Note how the issue seems to involve only countries that straddle the antimeridian; this will give you some idea about its root cause.

As a workaround I suggest using a different version of the world dataset; there are several readily available to choose from.
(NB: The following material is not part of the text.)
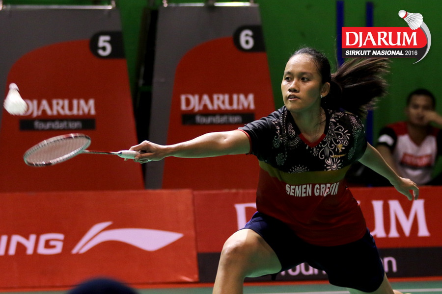 Aprilia Yusandari (Semen Gresik) Mengembalikan Shuttlecock.

My favorite lives in the {giscoR} package, which interfaces to shapefiles provided by the good folks of the Eurostat.

library(rnaturalearth)
library(sf)
library(dplyr)
library(giscoR)

map <- ne_countries(returnclass = "sf") %>%
    dplyr::select(name, iso2 = iso_a2, iso3 = iso_a3, geometry)

map$name[!st_is_valid(map)]
[1] "Antarctica" "Fiji"       "Russia"    

map2 <- giscoR::gisco_get_countries() %>% 
    dplyr::select(name = NAME_ENGL, iso2 = CNTR_ID, iso3 = ISO3_CODE)

map2$name[!st_is_valid(map2)]
character(0) # i.e. nothing is invalid = all countries are valid
edzer commented 2 years ago

Eurostat cheated:

> st_bbox(map2[map2$name == "Fiji",])
      xmin       ymin       xmax       ymax 
-180.00000  -20.70876  179.99999  -12.46203 
RamiKrispin commented 2 years ago

thank you all for the solution and explanation!